Records contained in a dataset
--- START ---
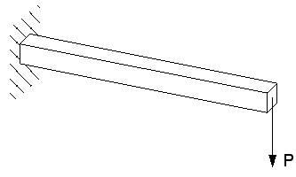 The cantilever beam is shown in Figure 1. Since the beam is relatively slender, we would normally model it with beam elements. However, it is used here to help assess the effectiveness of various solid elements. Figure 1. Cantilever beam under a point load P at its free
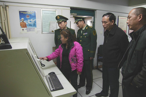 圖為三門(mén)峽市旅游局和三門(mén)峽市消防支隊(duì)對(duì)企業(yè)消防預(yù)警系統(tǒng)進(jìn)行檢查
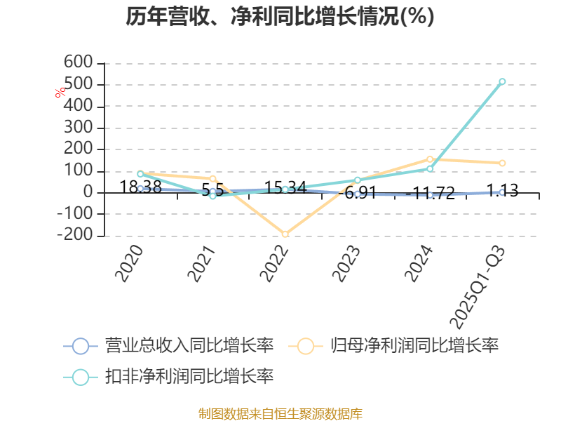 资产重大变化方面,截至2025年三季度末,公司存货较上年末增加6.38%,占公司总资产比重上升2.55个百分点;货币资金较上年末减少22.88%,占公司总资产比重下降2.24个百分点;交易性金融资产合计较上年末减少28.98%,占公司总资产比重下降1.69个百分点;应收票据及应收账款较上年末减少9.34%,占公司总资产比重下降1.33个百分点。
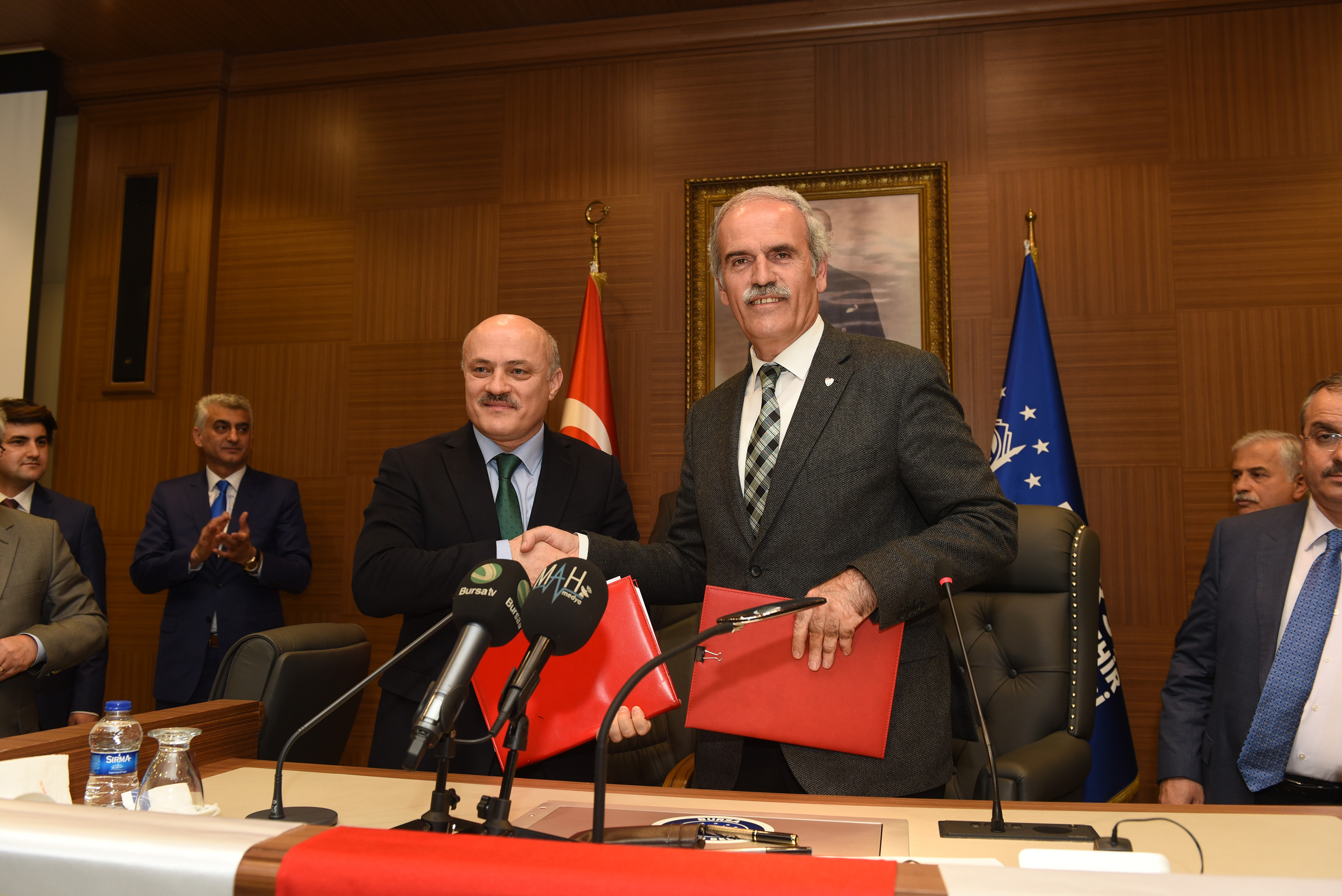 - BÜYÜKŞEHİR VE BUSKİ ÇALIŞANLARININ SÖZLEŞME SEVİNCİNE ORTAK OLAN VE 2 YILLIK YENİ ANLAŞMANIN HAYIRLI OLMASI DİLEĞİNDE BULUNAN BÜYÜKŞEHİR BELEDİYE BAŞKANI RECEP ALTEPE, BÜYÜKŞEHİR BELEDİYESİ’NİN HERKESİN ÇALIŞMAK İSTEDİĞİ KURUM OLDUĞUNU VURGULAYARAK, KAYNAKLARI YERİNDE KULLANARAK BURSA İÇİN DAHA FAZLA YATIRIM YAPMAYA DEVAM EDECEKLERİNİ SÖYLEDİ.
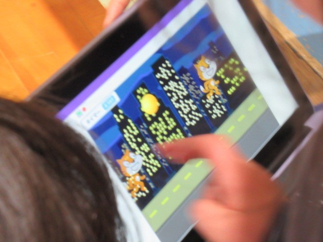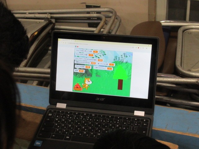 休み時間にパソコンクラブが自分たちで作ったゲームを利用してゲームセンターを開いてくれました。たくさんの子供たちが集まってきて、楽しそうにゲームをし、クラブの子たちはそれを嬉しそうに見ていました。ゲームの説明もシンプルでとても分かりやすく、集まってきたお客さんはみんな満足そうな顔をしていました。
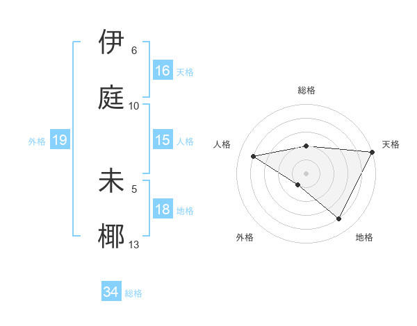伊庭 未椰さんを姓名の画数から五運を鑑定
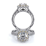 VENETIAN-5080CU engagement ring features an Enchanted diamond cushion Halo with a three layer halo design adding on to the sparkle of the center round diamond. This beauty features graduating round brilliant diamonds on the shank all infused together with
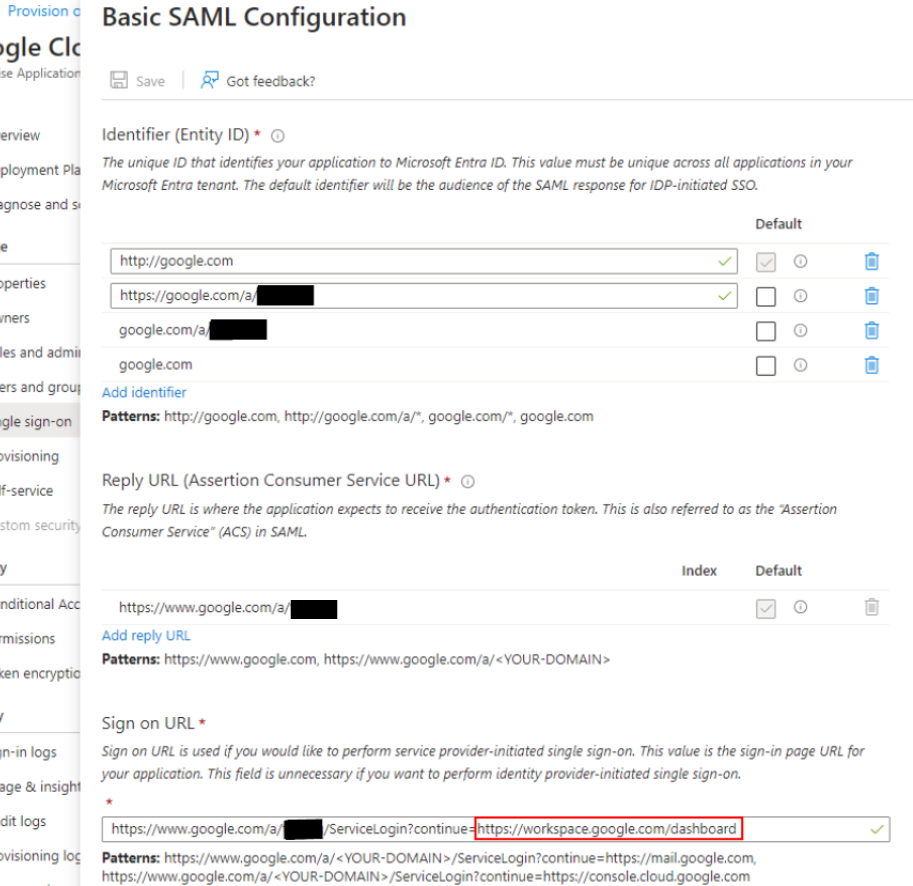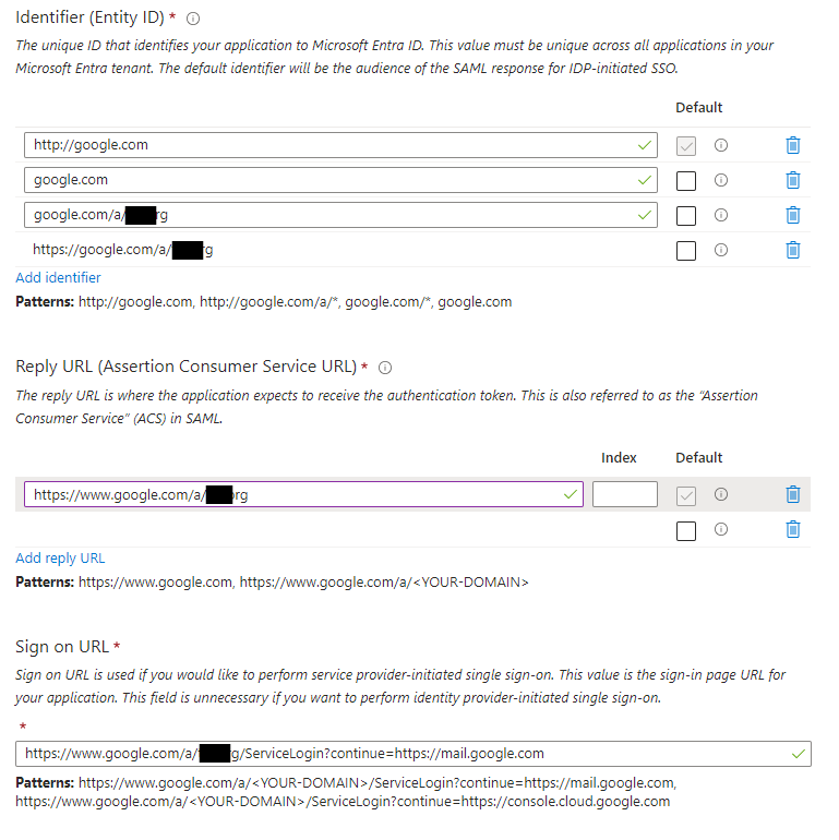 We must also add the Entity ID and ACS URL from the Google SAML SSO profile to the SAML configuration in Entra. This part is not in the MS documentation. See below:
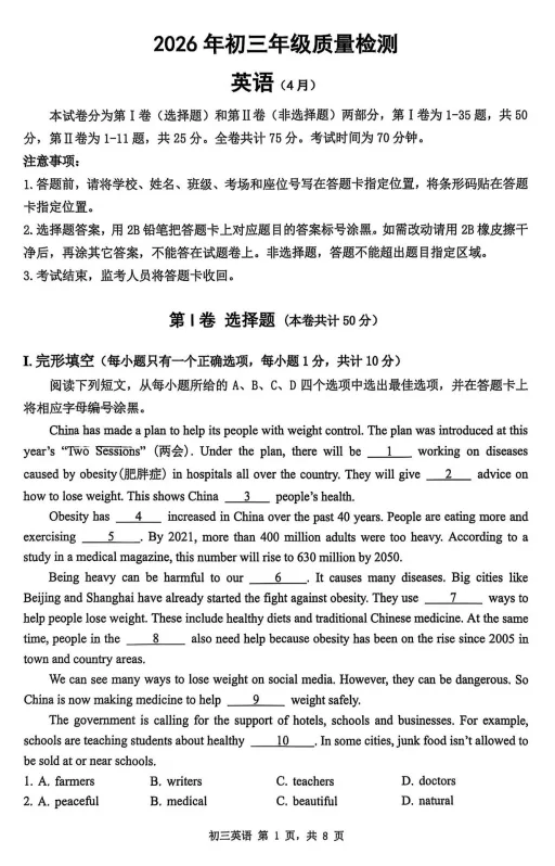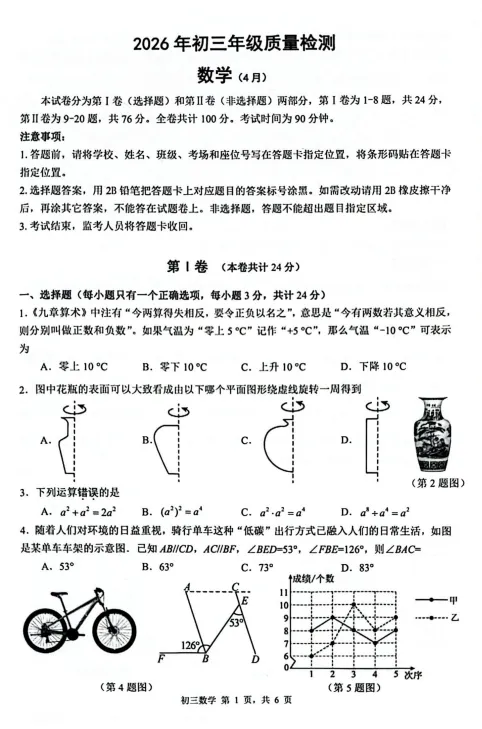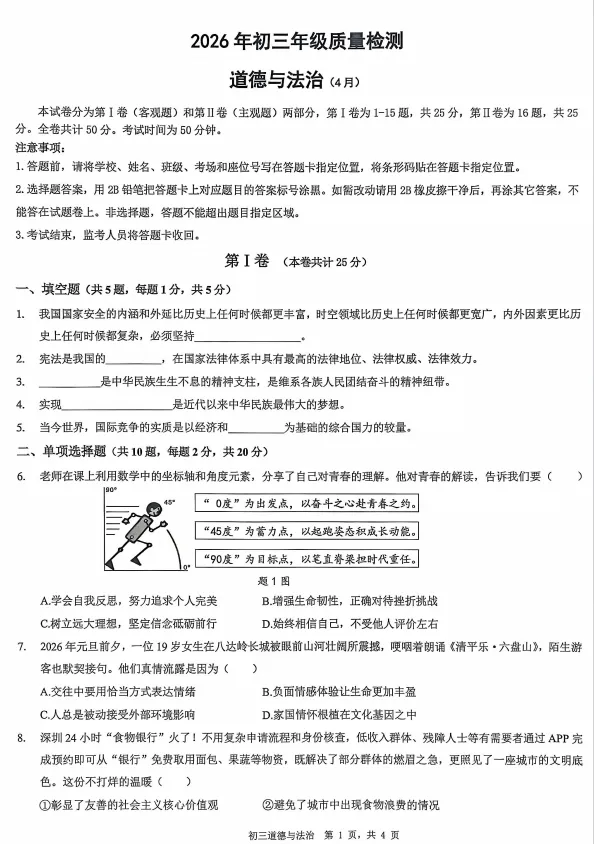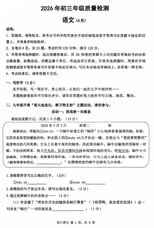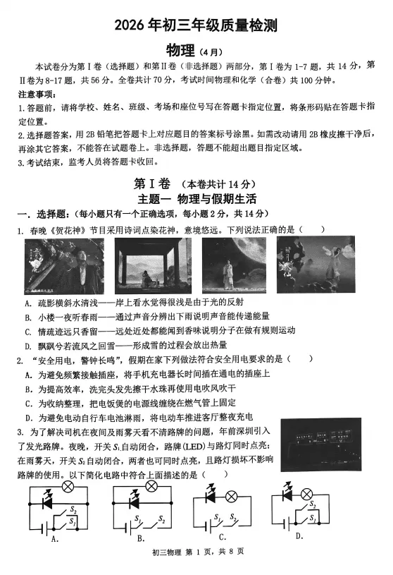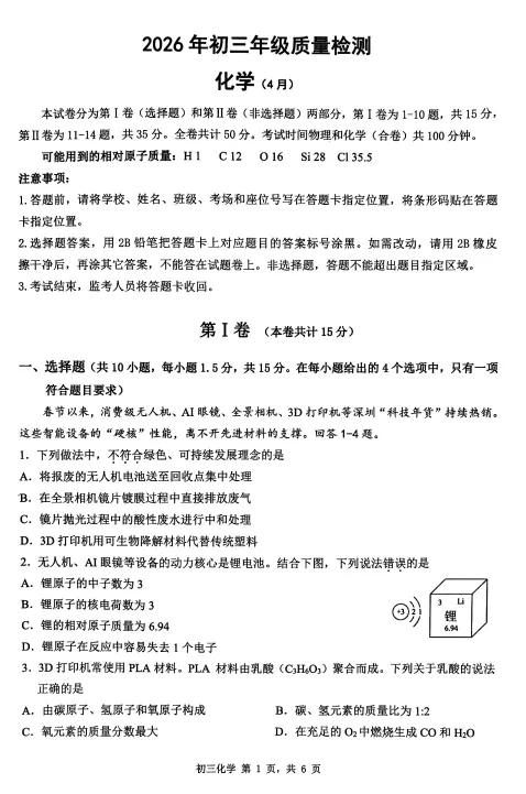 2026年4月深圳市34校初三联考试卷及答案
--- END ---
## ASSIGNMENT
Leave out the pictures, and write out exactly the lines from the line containing "We must also" through the end of the records above.

## WRITTEN SOLUTION
 We must also add the Entity ID and ACS URL from the Google SAML SSO profile to the SAML configuration in Entra. This part is not in the MS documentation. See below:
 2026年4月深圳市34校初三联考试卷及答案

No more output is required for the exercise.